──────── Material for the task

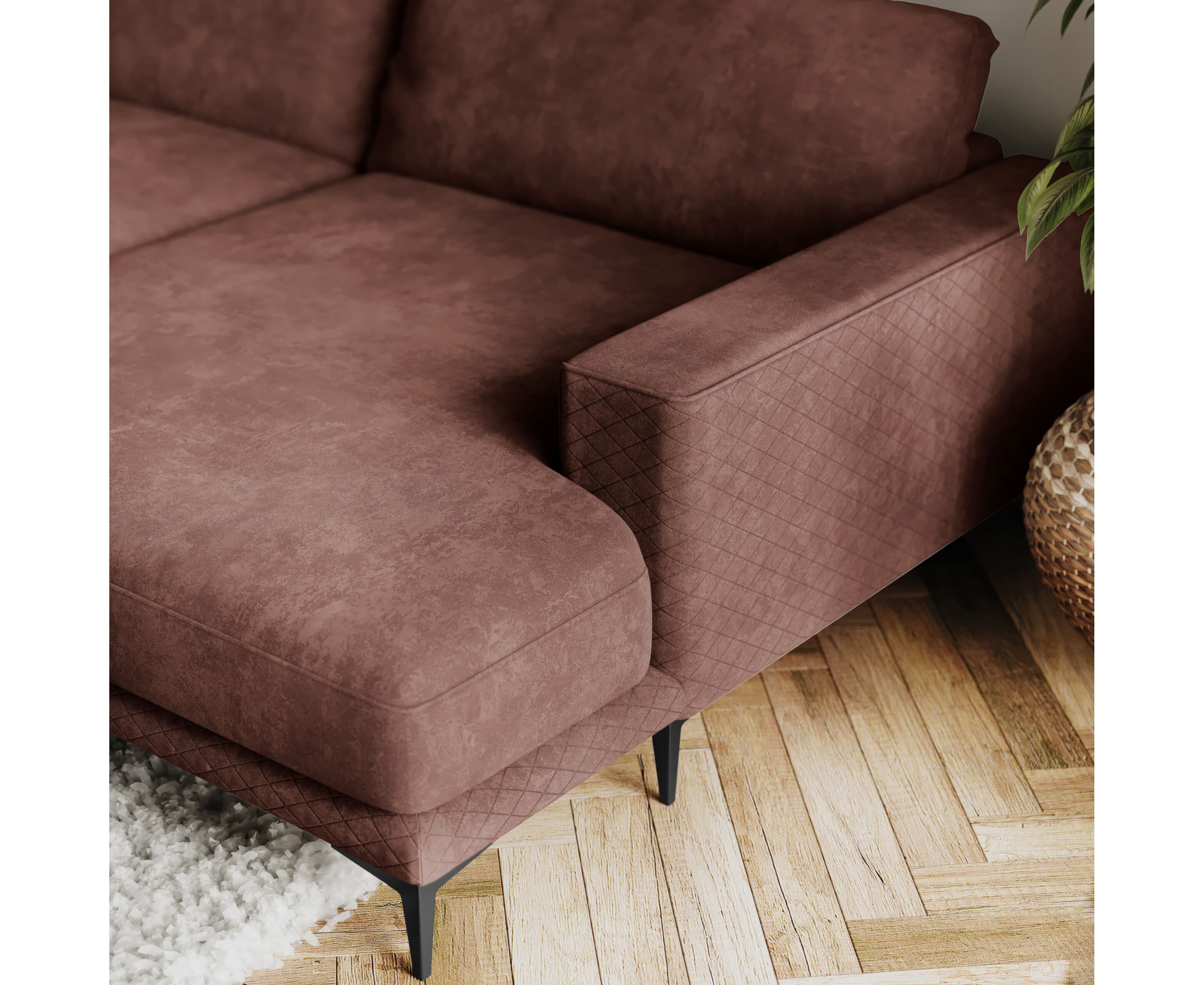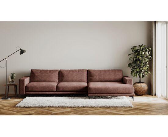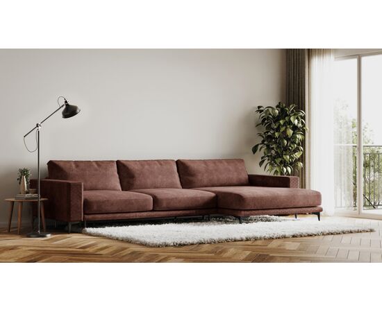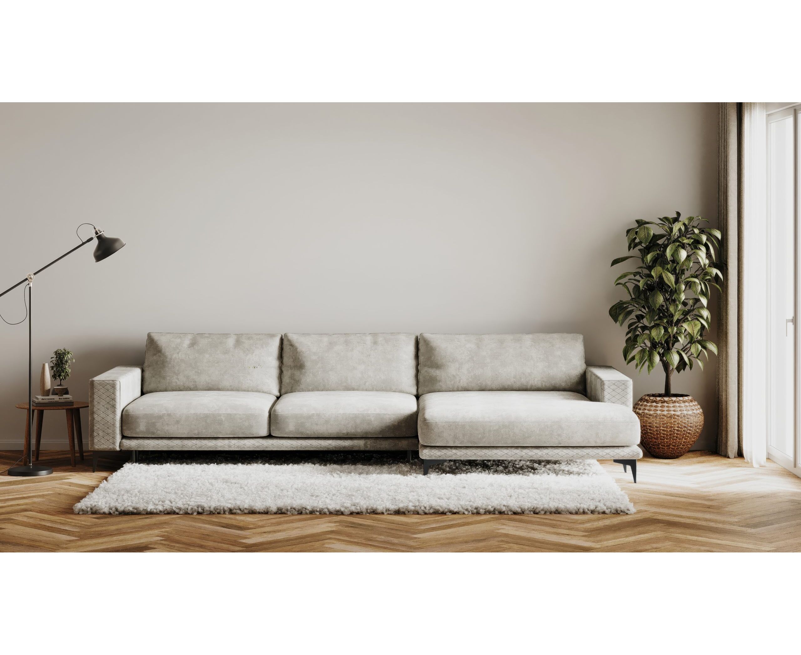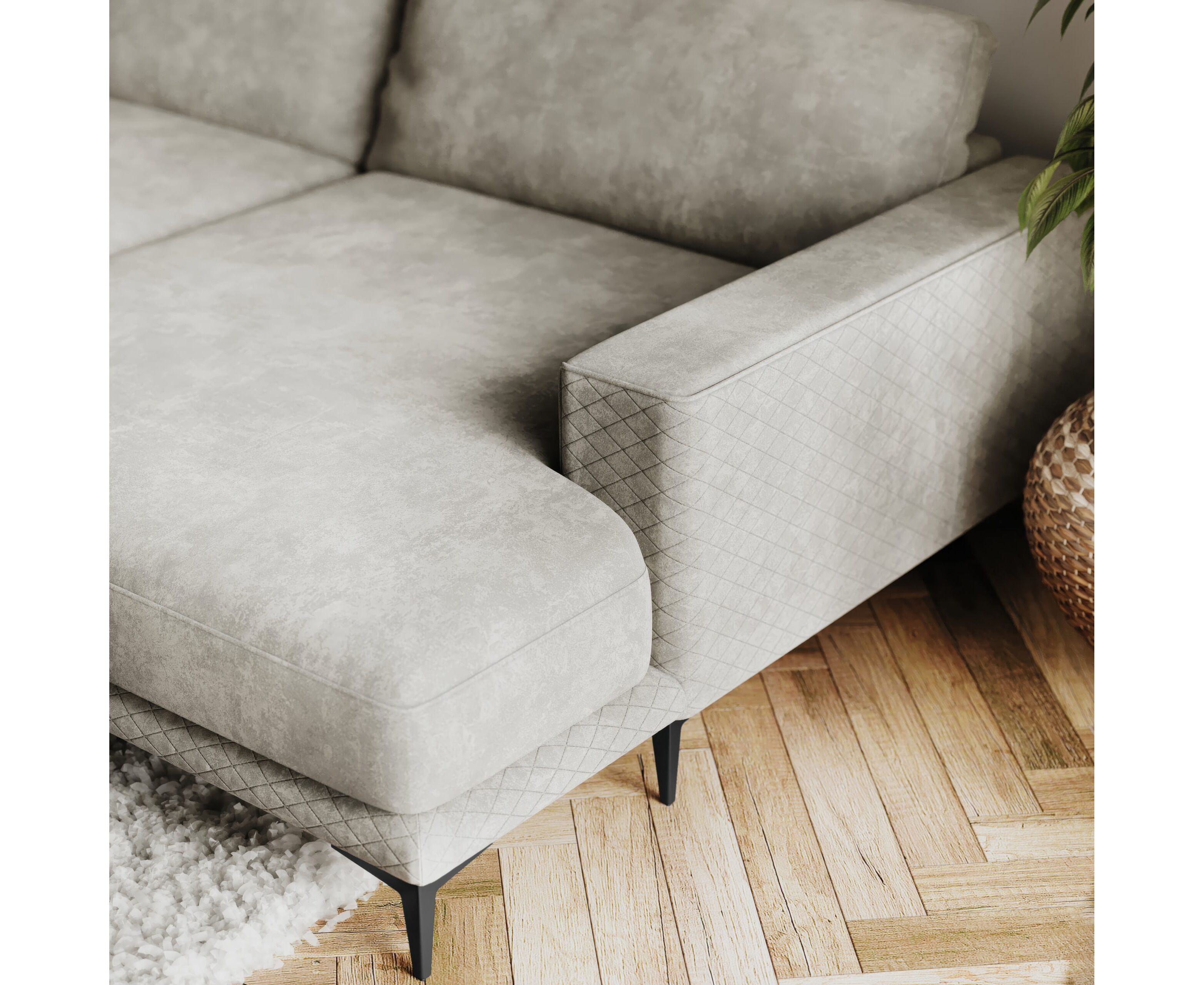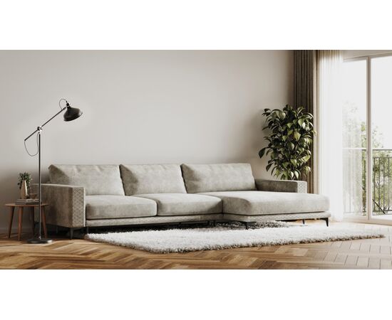 Диван Санторини угловой имеет низкий силуэт и высокие тонкие опоры, придающие дивану стройность.
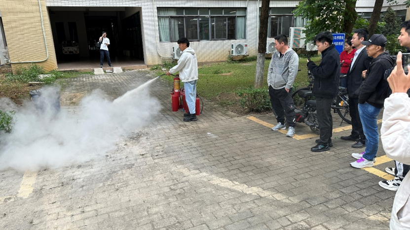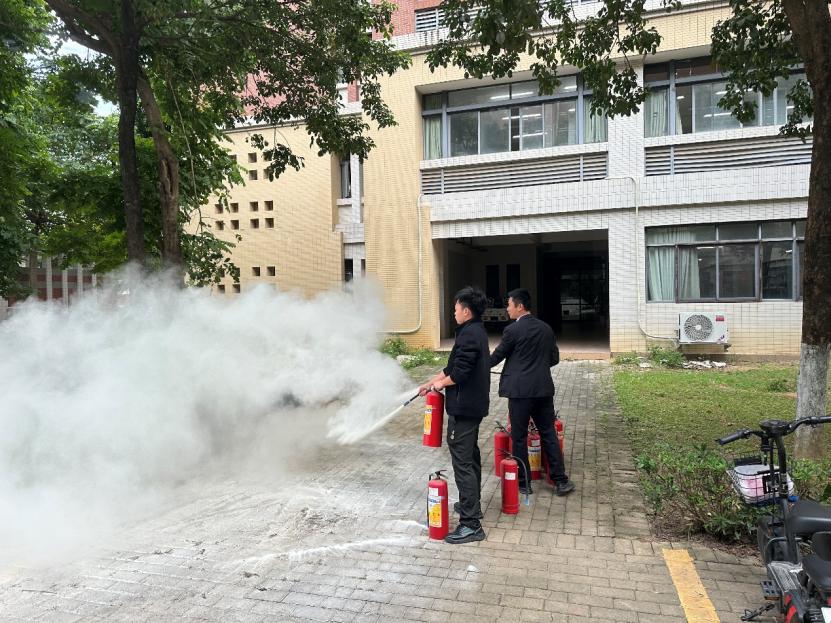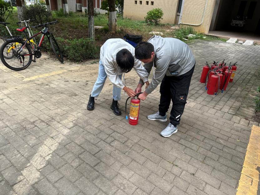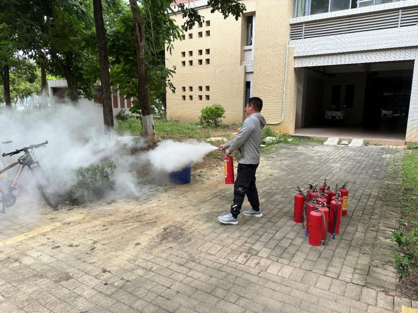 为进一步了解消防基础知识、增强学生自我保护能力,在培训结束后保卫处还组织了一次演练实操。实操环节,参培人员分组轮番体验使用灭火器,“提、喷、关”等动作干脆利落,在实践中熟练掌握了灭火技能。
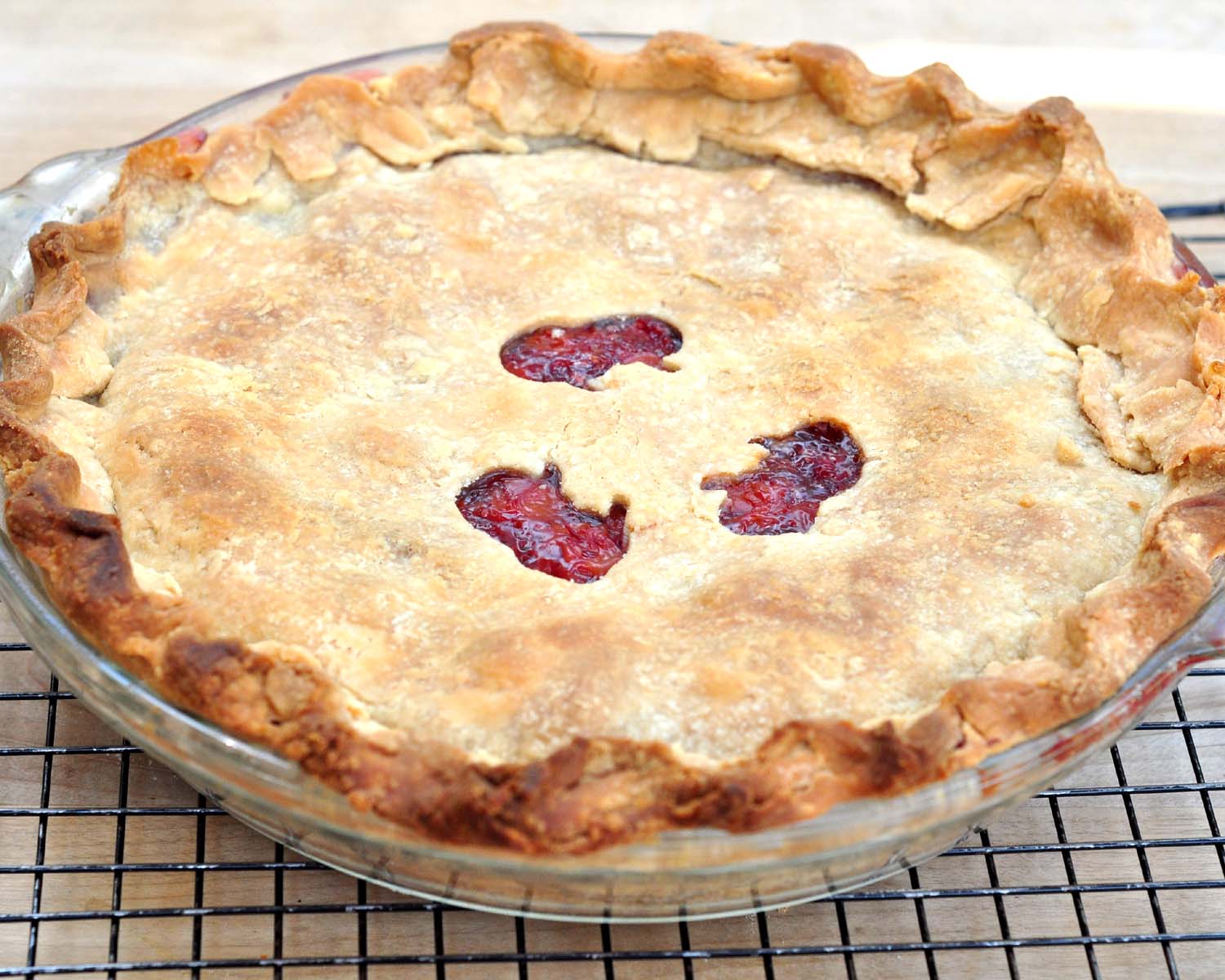 The pie will bake for about 45-55 minutes at 425-degrees (F). Remove the pie to a cooling rack, and cool for at least an hour before serving. (You never want to cool the pie right on the counter, it needs air on the bottom too, or the bottom crust can get gummy.)
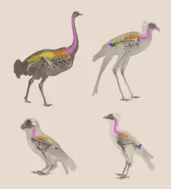Birds have many bones that are hollow (pneumatized) with criss-crossing struts or trusses for structural strength. The number of hollow bones varies among species, though large gliding and soaring birds tend to have the most. Respiratory air sacs often form air pockets within the semi-hollow bones of the bird's skeleton.[1] The bones of diving birds are often less hollow than those of non-diving species. Penguins, loons,[2] and puffins are without pneumatized bones entirely.[3][4] Flightless birds, such as ostriches and emus, have pneumatized femurs[5] and, in the case of the emu, pneumatized cervical vertebrae.[6]
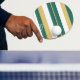 Three-color design with rhythmic stripes. Horizontal lines in three colors for your table tennis racket and Ping Pong paddle. Add your name or text. This variant is the festive color scheme in green, gold, and white.
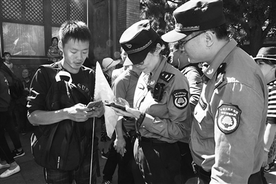 9月21日,区城管直属执法队在颐和园东门,检查了景区周边及沿线的环境秩序,重点对非法散发的小广告、无证导游、无运营自治车辆、无照经营、“门前三包”责任区环境脏乱、擅自粘贴广告等环境秩序问题进行治理。

────────────────

- [Exercise brief]: All that is wanted is the run of lines from the start of the material through the line that holds "为进一步了解消防基础知识、增", retyped exactly, with no pictures.

- [Answer to this problem]:
 Диван Санторини угловой имеет низкий силуэт и высокие тонкие опоры, придающие дивану стройность.
 为进一步了解消防基础知识、增强学生自我保护能力,在培训结束后保卫处还组织了一次演练实操。实操环节,参培人员分组轮番体验使用灭火器,“提、喷、关”等动作干脆利落,在实践中熟练掌握了灭火技能。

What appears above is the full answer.